TRY IT:
Word for word and without images, reproduce the listing that follows.

DATA SECTION:
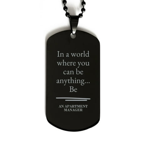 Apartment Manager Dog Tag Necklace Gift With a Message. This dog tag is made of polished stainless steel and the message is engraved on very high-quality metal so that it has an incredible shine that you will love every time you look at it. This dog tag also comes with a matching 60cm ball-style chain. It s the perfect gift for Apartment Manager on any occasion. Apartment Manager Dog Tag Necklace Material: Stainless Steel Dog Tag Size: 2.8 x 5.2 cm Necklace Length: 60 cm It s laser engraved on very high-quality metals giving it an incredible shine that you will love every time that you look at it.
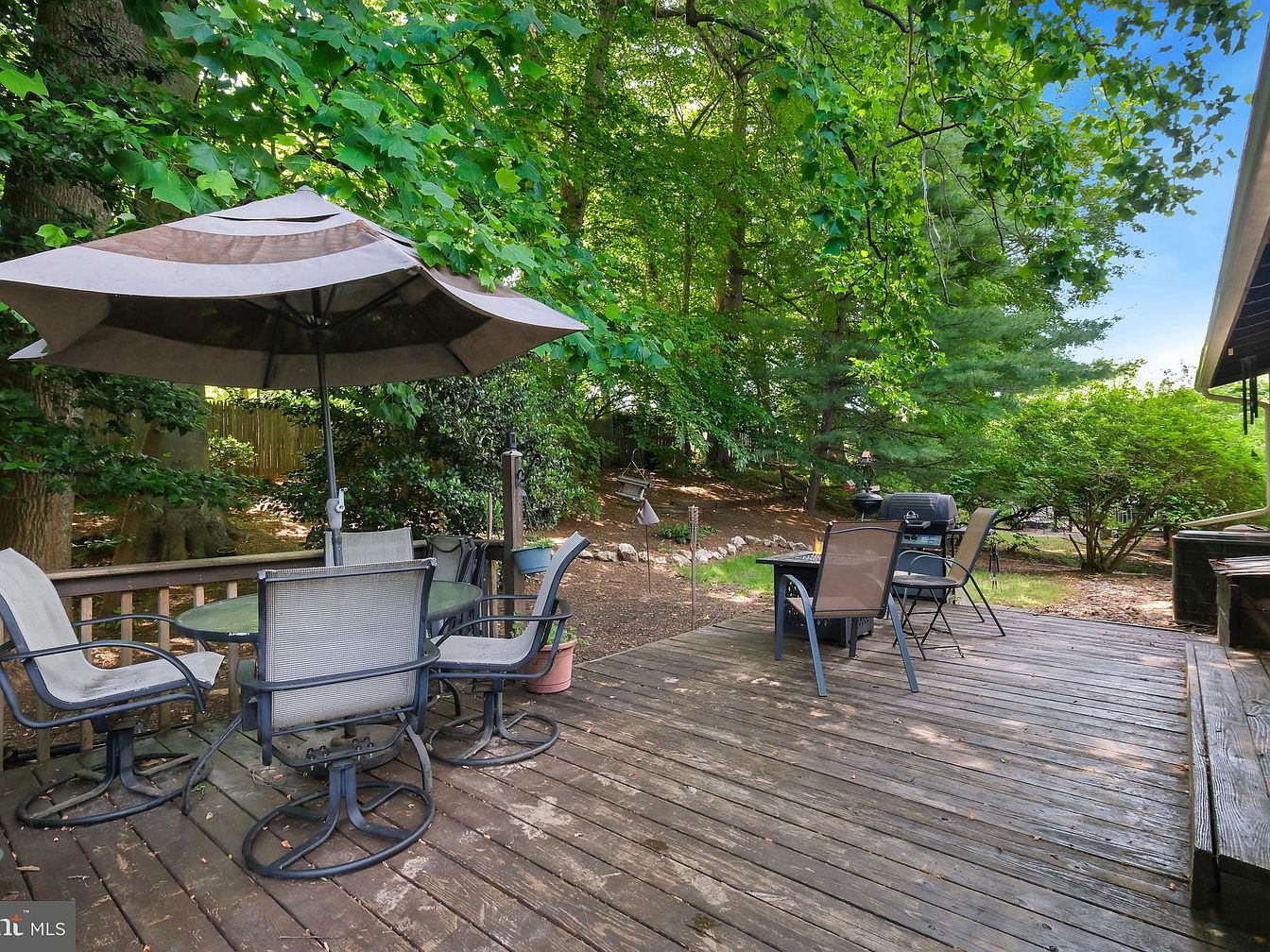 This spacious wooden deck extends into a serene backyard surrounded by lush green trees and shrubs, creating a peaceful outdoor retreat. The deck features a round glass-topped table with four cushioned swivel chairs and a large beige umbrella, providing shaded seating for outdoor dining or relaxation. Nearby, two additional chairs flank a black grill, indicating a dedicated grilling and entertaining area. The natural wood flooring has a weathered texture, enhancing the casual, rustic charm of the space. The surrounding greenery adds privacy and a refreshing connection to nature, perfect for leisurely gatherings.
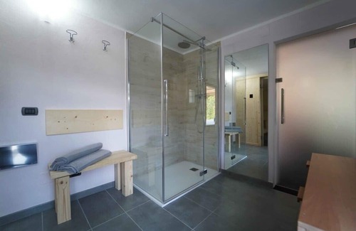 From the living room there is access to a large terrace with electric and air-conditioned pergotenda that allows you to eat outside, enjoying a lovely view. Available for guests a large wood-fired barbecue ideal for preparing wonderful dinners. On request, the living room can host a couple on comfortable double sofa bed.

SOLUTION:
 Apartment Manager Dog Tag Necklace Gift With a Message. This dog tag is made of polished stainless steel and the message is engraved on very high-quality metal so that it has an incredible shine that you will love every time you look at it. This dog tag also comes with a matching 60cm ball-style chain. It s the perfect gift for Apartment Manager on any occasion. Apartment Manager Dog Tag Necklace Material: Stainless Steel Dog Tag Size: 2.8 x 5.2 cm Necklace Length: 60 cm It s laser engraved on very high-quality metals giving it an incredible shine that you will love every time that you look at it.
 This spacious wooden deck extends into a serene backyard surrounded by lush green trees and shrubs, creating a peaceful outdoor retreat. The deck features a round glass-topped table with four cushioned swivel chairs and a large beige umbrella, providing shaded seating for outdoor dining or relaxation. Nearby, two additional chairs flank a black grill, indicating a dedicated grilling and entertaining area. The natural wood flooring has a weathered texture, enhancing the casual, rustic charm of the space. The surrounding greenery adds privacy and a refreshing connection to nature, perfect for leisurely gatherings.
 From the living room there is access to a large terrace with electric and air-conditioned pergotenda that allows you to eat outside, enjoying a lovely view. Available for guests a large wood-fired barbecue ideal for preparing wonderful dinners. On request, the living room can host a couple on comfortable double sofa bed.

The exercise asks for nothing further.